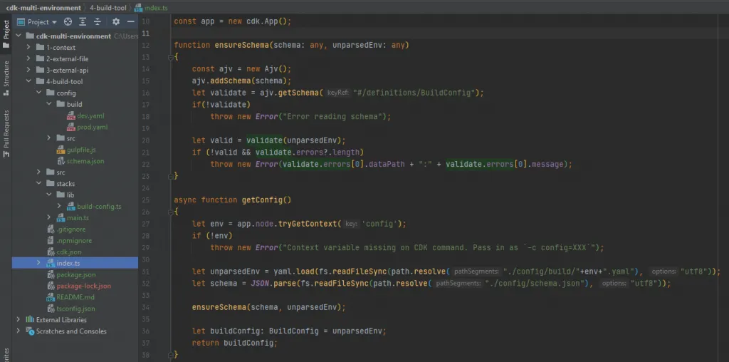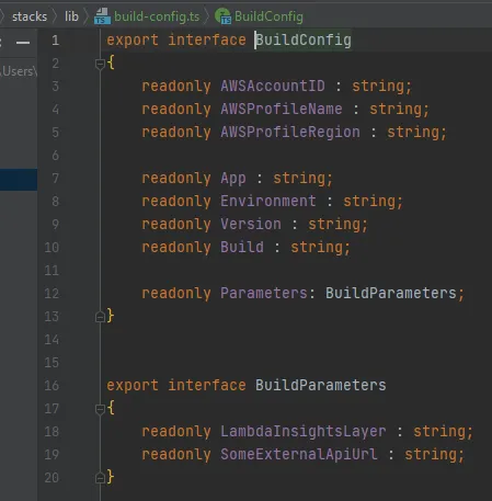 This is read within index.ts and it chooses one of the available environment configurations as defined in our cdk.json file. It is all done inside the getConfig(…) function, notice that we read each context value individually and assign them to our own BuildConfig interface, located at /stacks/lib/build-config.ts
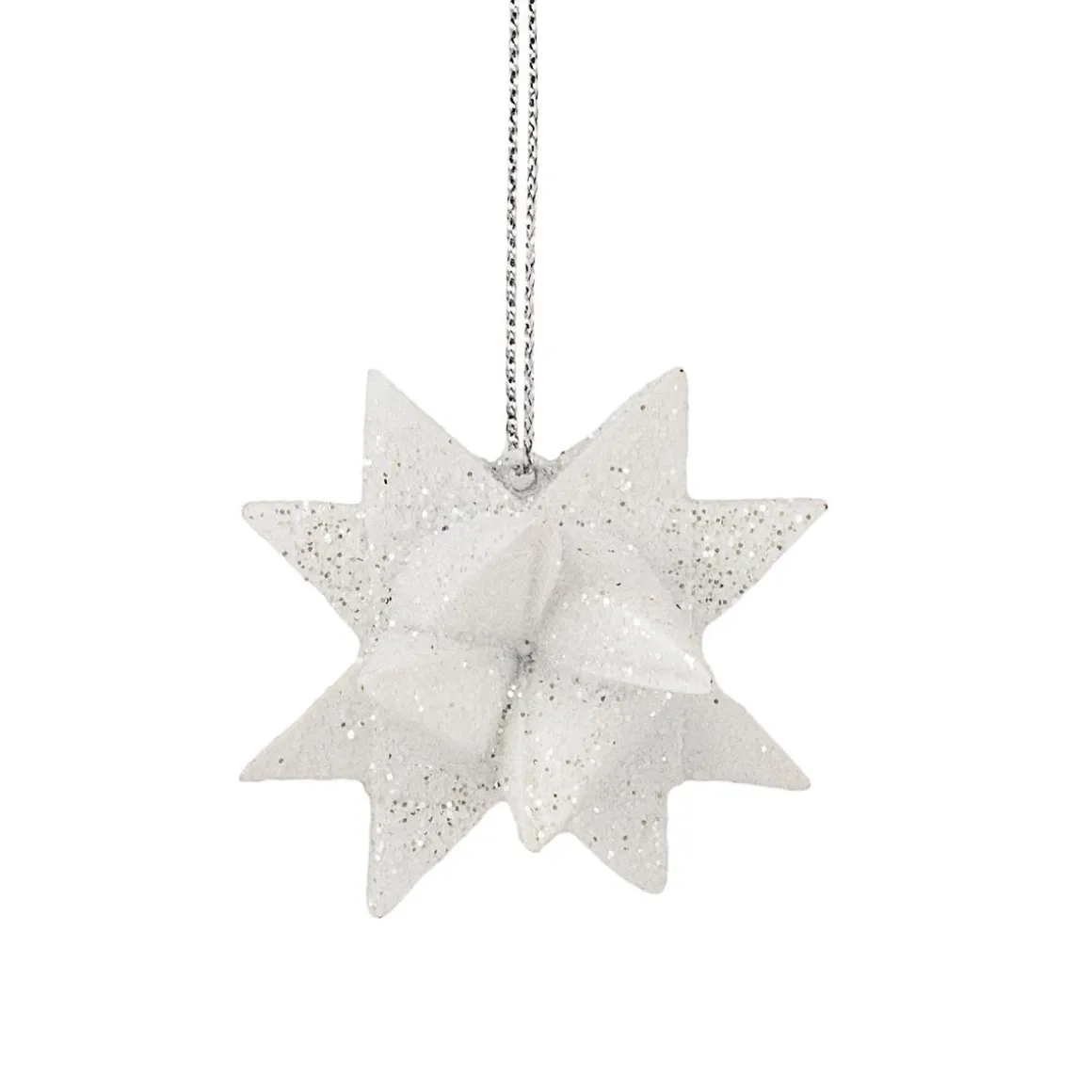 Søte små snøstjerner med oppheng dekorert med glitter. Perfekt til å henge på juletreet som en siste prikken over i’en. Kan også brukes som dekorasjon på dekket bord, eller på et pyntet lysfat.
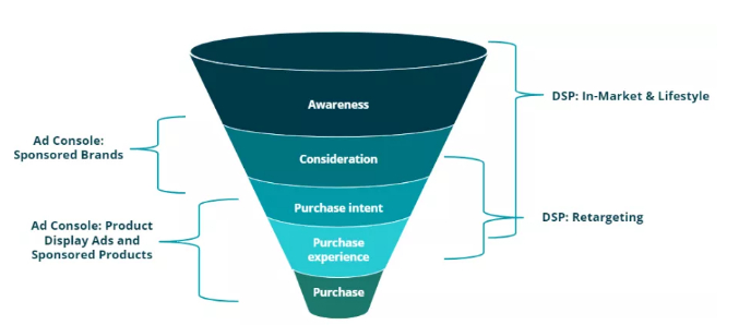 以下是亚马逊广告在整个漏斗中的适用性:

* _TASK STATEMENT_: From the line that contains "Søte små snøstjerner" to the end of the listing, give every line again exactly as written. Leave the pictures out.

* _RESPONSE TO THIS EXERCISE_:
 Søte små snøstjerner med oppheng dekorert med glitter. Perfekt til å henge på juletreet som en siste prikken over i’en. Kan også brukes som dekorasjon på dekket bord, eller på et pyntet lysfat.
 以下是亚马逊广告在整个漏斗中的适用性:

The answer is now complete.